▸ **THE TASK**
Return the data exactly, apart from leaving out the pictures.

▸ **MATERIAL PROVIDED**
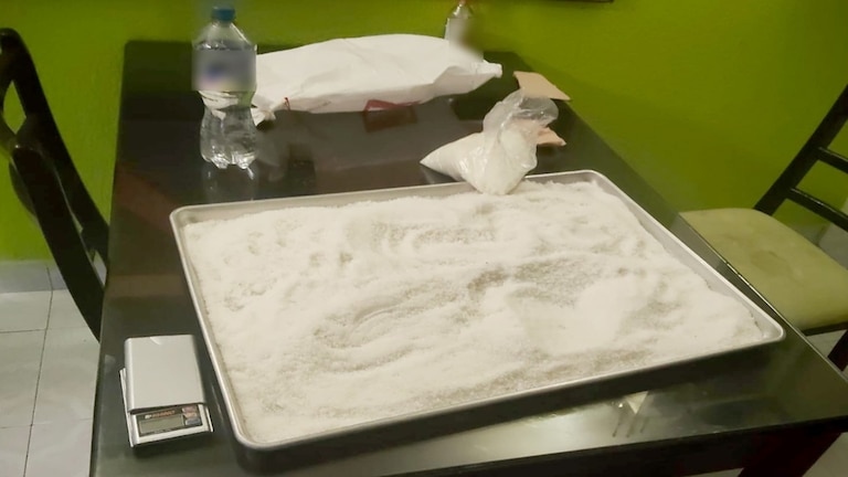 Una vez asegurados los sospechosos, las autoridades procedieron a realizar una inspección del inmueble donde intentaron guarecerse. Como resultado de esta revisión, los uniformados localizaron 13 envoltorios que contenían hierba verde con las características propias de la marihuana. El hallazgo más significativo fue una charola de metal que sostenía aproximadamente 10 kilogramos de una sustancia en polvo, identificada preliminarmente como cristal, lo que evidencia la grave problemática de la metanfetamina en Edomex y las grandes cantidades que se distribuyen.
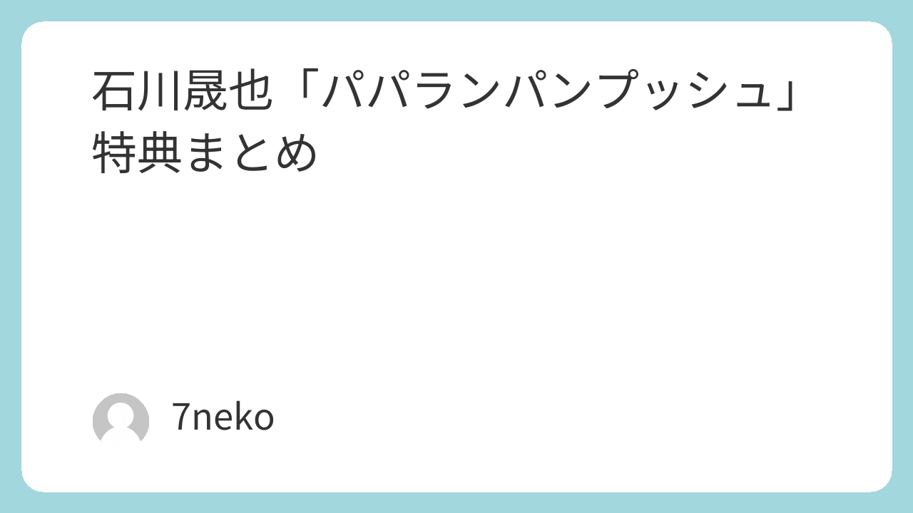 石川晟也「パパランパンプッシュ」特典まとめ
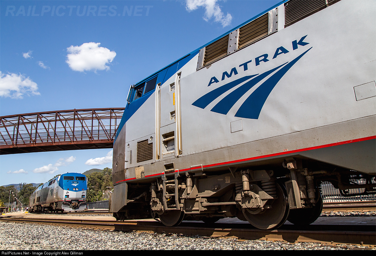 | A daily ritual takes places at the San Luis Obispo station as Amtrak 14, the northbound Coast Starlight, patiently waits just short of the platform for its southbound counterpart to finish its station work before pulling in to perform its own. While the meeting of these two trains is often at or near the station here, planning where to set up one's shot can be difficult especially when you never know where the engineer will spot the train that will be waiting short of the depot. Luck was on my side on this day as the engineer of 14 pulled his train as close as possible to the platform allowing me this shot. |

▸ **EXERCISE SOLUTION**
 Una vez asegurados los sospechosos, las autoridades procedieron a realizar una inspección del inmueble donde intentaron guarecerse. Como resultado de esta revisión, los uniformados localizaron 13 envoltorios que contenían hierba verde con las características propias de la marihuana. El hallazgo más significativo fue una charola de metal que sostenía aproximadamente 10 kilogramos de una sustancia en polvo, identificada preliminarmente como cristal, lo que evidencia la grave problemática de la metanfetamina en Edomex y las grandes cantidades que se distribuyen.
 石川晟也「パパランパンプッシュ」特典まとめ
 | A daily ritual takes places at the San Luis Obispo station as Amtrak 14, the northbound Coast Starlight, patiently waits just short of the platform for its southbound counterpart to finish its station work before pulling in to perform its own. While the meeting of these two trains is often at or near the station here, planning where to set up one's shot can be difficult especially when you never know where the engineer will spot the train that will be waiting short of the depot. Luck was on my side on this day as the engineer of 14 pulled his train as close as possible to the platform allowing me this shot. |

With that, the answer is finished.